Another week with really bad news. Two African American men in two different states are killed in encounters with police that inexplicably escalated into fatal shootings, followed by five Dallas police officers shot down by a sniper at a protest of those police actions.
It’s the kind of grim, bloody ugliness that causes people to question whether the social fabric of the country is being ripped apart, and whether the common threads linking us all as Americans are snapping, one by one.
And yet, I don’t think there is an irreparable divide — at least, not yet. No one I know, regardless of their race or political views, thinks that police should be shooting African Americans who are stopped simply for driving with a broken taillight. No one I know, from any point on the political spectrum, thinks that police officers who are doing their duty at a peaceful protest should be assassinated. There may be tiny fringe elements of disturbed people who believe such actions are appropriate; America has always had its share of lunatic loners. But I’m quite confident that the vast majority of Americans unequivocally reject what we have seen in Louisiana, and Minnesota, and Dallas this week. In that, at least, Americans can stand united.

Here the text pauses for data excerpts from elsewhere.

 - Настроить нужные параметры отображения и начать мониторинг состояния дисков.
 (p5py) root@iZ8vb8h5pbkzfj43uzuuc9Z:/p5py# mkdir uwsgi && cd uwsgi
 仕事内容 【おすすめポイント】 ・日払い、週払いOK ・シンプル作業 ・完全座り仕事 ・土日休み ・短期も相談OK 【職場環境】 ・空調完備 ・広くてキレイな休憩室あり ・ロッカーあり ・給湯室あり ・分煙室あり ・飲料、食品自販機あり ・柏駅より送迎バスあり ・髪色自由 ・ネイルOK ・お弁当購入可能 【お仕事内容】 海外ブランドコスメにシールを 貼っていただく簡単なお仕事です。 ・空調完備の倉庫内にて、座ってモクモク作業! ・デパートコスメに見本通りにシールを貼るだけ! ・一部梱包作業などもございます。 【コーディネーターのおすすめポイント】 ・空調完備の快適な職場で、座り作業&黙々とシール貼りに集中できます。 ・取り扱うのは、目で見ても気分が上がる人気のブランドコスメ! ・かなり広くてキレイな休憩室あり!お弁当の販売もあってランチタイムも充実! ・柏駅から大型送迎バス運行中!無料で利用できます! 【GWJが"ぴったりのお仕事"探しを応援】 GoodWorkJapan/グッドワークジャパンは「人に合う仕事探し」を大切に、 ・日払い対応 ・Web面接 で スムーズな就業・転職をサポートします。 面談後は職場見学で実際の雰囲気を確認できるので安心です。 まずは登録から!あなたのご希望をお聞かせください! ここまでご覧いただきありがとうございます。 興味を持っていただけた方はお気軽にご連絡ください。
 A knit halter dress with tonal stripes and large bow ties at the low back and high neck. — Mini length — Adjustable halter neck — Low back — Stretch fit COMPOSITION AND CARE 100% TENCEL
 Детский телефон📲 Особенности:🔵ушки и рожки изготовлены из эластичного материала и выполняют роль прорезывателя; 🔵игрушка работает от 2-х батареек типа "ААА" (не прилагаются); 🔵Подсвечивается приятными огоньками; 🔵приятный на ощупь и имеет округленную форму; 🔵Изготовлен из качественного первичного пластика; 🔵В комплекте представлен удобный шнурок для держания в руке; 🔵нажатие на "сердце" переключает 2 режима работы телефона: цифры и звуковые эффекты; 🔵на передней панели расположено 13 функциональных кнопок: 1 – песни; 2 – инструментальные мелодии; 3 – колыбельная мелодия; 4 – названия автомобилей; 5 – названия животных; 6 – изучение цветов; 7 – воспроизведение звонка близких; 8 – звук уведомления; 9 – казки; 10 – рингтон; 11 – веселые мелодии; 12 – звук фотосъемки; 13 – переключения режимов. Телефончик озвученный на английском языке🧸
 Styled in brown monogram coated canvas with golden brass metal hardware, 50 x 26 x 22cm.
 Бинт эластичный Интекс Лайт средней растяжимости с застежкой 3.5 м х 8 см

So why, then, are people feeling a gnawing sense of despair about where the country is, and where it is headed? I think it’s because we’ve seen these same scenarios before . . . and nothing gets done. We feel disturbed because we don’t think our political leaders, or even our political culture generally, is capable of addressing the problem in a meaningful, effective way. We don’t understand how we can have gotten to the point where police shootings have become so commonplace, or where a military veteran can become so disaffected that he takes a rifle and starts indiscriminately killing police officers and shooting others at a protest — but we have a nagging fear that these incidents, too, will produce no answers. We expect that we’ll see Facebook memes, and we’ll see people of different political views retreat to their corners, and we’ll see talking heads vigorously disagree about whether the problem is racism, or guns, or poorly trained police, or a general sense of hopelessness, but we fear that ultimately nothing will change, ever.
It’s another example of how the citizenry is being ill-served by the political classes. I honestly don’t think the American people are deeply divided on these incredibly basic, core issues. We know that what we are seeing in Dallas and Minnesota is flat-out wrong and can’t be countenanced. We just don’t think that the people who are charged with trying to deal with the problems are up to the task. We don’t think they’re willing to cast aside their knee-jerk reactions and pointless bromides and actually sit down to talk honestly and work out a possible solution — and we’re probably right.
That’s why so many people are walking around today, feeling an immense sense of sadness and discouragement about our country. We feel like we’ve seen this before, and before, and before, and we know exactly how it will play out this time, too.